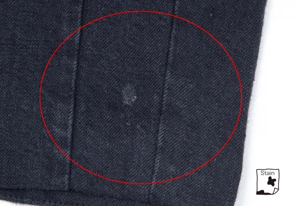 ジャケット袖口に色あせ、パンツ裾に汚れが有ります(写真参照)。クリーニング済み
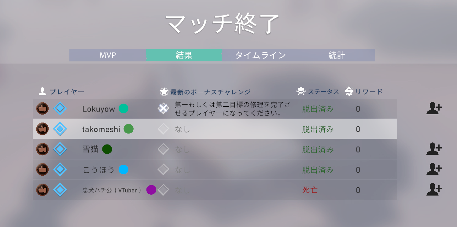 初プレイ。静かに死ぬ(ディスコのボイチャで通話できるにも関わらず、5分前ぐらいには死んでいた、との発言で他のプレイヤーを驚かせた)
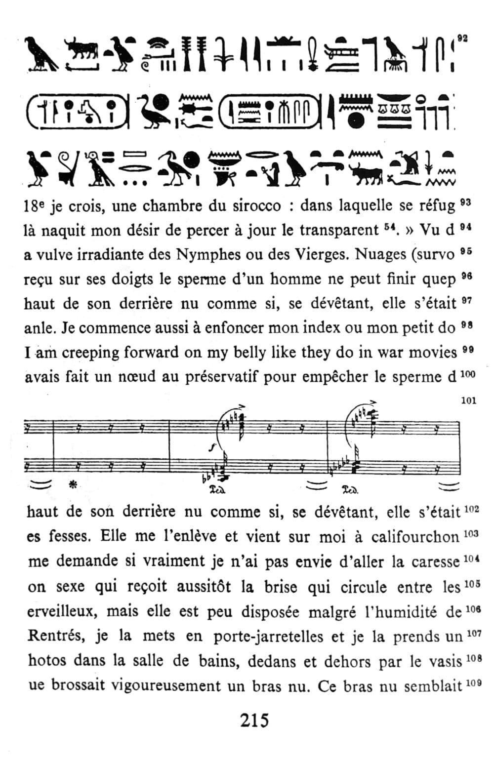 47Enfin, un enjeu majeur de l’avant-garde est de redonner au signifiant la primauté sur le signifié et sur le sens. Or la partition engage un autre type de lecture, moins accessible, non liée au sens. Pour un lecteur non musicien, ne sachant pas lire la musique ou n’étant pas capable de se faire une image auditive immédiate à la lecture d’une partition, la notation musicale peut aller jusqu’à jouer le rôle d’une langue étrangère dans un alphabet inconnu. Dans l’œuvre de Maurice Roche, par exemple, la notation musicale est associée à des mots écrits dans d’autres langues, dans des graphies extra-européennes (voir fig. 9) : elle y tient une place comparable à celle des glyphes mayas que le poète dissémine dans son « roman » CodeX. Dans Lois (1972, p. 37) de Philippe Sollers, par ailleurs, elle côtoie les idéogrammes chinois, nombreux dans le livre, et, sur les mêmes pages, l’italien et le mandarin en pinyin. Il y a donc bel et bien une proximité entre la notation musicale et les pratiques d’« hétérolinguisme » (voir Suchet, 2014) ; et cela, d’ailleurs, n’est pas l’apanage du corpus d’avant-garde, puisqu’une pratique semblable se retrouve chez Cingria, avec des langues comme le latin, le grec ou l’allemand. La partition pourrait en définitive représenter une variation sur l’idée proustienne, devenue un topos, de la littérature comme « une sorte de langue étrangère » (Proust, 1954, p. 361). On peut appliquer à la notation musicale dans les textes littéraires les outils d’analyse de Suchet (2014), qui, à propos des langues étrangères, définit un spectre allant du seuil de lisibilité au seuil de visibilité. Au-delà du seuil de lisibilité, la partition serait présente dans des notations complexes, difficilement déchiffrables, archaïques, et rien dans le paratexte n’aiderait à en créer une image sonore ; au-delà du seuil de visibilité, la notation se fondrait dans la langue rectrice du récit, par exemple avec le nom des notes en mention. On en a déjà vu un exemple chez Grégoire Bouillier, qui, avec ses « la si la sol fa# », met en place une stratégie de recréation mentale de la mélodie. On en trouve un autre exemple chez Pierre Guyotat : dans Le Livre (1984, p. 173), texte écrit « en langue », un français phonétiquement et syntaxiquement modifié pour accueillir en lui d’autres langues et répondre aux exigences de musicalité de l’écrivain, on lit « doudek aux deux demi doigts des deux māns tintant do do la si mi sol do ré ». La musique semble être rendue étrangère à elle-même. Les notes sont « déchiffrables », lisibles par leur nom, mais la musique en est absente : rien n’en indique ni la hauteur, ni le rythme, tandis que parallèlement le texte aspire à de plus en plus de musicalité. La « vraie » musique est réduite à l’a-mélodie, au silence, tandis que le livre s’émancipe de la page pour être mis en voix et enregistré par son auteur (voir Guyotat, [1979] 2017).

= = = =

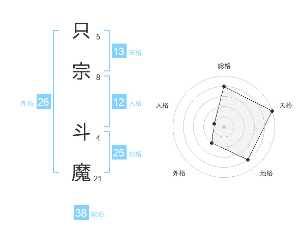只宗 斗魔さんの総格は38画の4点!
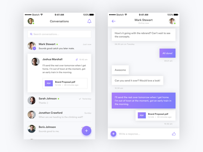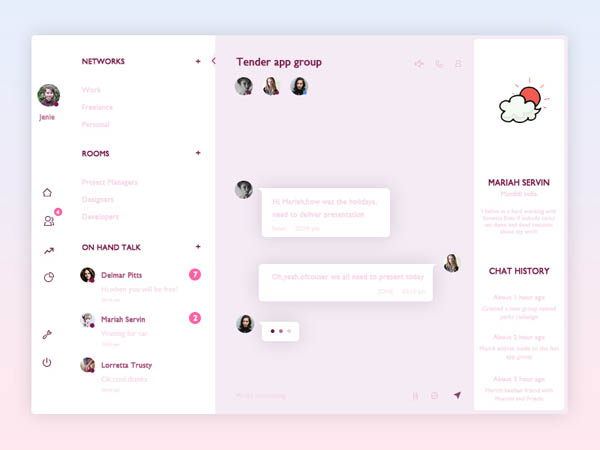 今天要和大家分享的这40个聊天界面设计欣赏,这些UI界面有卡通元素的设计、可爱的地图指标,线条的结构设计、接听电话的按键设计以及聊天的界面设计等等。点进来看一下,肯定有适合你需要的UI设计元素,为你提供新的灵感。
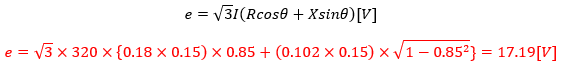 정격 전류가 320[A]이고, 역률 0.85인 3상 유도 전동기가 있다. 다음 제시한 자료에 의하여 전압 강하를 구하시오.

= = = =

• TASK DETAILS:
Reproduce exactly the lines of the data above that run from the line with "今天要和大家分享的这40个聊" down to the line with "정격 전류가 320[A]이고, 역률", both ends included. Pictures do not belong in the copy.

• RESULT:
 今天要和大家分享的这40个聊天界面设计欣赏,这些UI界面有卡通元素的设计、可爱的地图指标,线条的结构设计、接听电话的按键设计以及聊天的界面设计等等。点进来看一下,肯定有适合你需要的UI设计元素,为你提供新的灵感。
 정격 전류가 320[A]이고, 역률 0.85인 3상 유도 전동기가 있다. 다음 제시한 자료에 의하여 전압 강하를 구하시오.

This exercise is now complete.